In the Vietnam years, the Pentagon had, for instance, been stung by the thought that images of the American dead coming home in body bags had spurred on that era’s huge antiwar movement (though, in reality, those images were rare).  Nor were they likely to forget the effect of the “body count,” offered by U.S. military spokesmen in late afternoon press briefings in Saigon, the South Vietnamese capital.  Among disillusioned reporters, these became known as "the Five O'clock Follies."  They were supposedly accurate counts of enemy dead, but everyone knew otherwise.  

In a guerrilla war in which the taking of territory made next to no difference, the body count was meant as a promissory note against future success.  As it became apparent that there would be no light at the end of the tunnel, however, that count began to look ever more barbaric to growing numbers of Americans.

Body Bags and Body Counts 

At the time of the first Gulf War, as part of a larger effort to apply the “lessons” of Vietnam, the Pentagon attempted to prevent any images of the American dead from reaching the home front.  More than a decade later, top officials of George W. Bush's administration, focused on ensuring that the invasion of Iraq would be a “ cakewalk” and a triumph, consciously played an opposites game with their version of Vietnam.  That included, for instance, secretly counting the enemy dead, but keeping mum about them for fear of recreating the dreaded “body count.”  General Tommy Franks, who directed the invasions of both Afghanistan and Iraq, bluntly insisted, “We don’t do body counts.”  But it wasn’t true, and in the end, President Bush couldn’t help himself: his frustration with disaster in Iraq led him to start complaining about being unable to mention how successful U.S. forces were in killing the enemy; finally, compulsively, he began to offer his own presidential body counts. 

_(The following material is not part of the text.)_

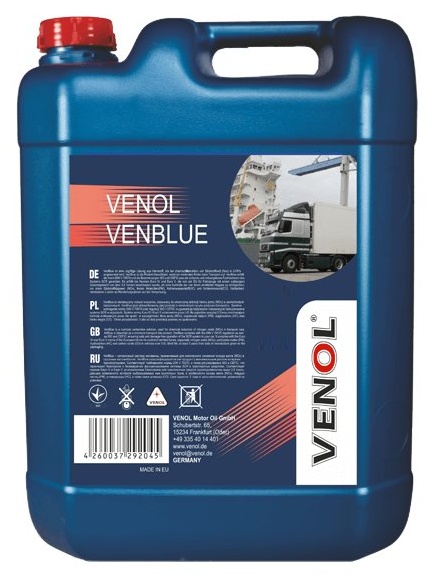 VENOL VENBLUE – нетоксичный раствор мочевины, применяемый для химического снижения оксида азота (NOx) в транспортных средствах с дизельным двигателем, оснащенных технологией SCR. Соответствует требованиям нормы DIN V 70070, а также регулированию ISO и CEFIC, что гарантирует безопасное и безаварийное функционирование системы SCR в транспортных средствах. Соответствует нормам Евро VI, установленным Евросоюзом для транспортных средств, дающим возможность контроля выбрасываемых ими выхлопных газов, в особенности: оксида азота (NOx), твёрдых частиц (РМ), углеводорода (НС), а также окиси углерода (CO). Из-за сильного коррозийные свойства избегать утечек на кузов автомобиля.

But an irony should be noted here.  There was another lesson from Vietnam which didn’t quite fit with those drawn from body bags and the body count.  American troops had been treated terribly by the American public -- so went the postwar tale -- and particularly by the antiwar movement which reviled them as “baby killers” when they came home and regularly spat upon them.  Often ignored in this mythic version of the antiwar movement is the fact that, as the 1970s began, it was being energized by significant numbers of Vietnam vets and active duty GI’s.  Nonetheless, all this was deeply believed, even by many who had been in that movement, and everyone, whatever their politics, vowed that it would never happen again.  Hence, the troops, and especially the dead, were to be treated across the board and in a blanket way as “American heroes,” and elevated to almost god-like status.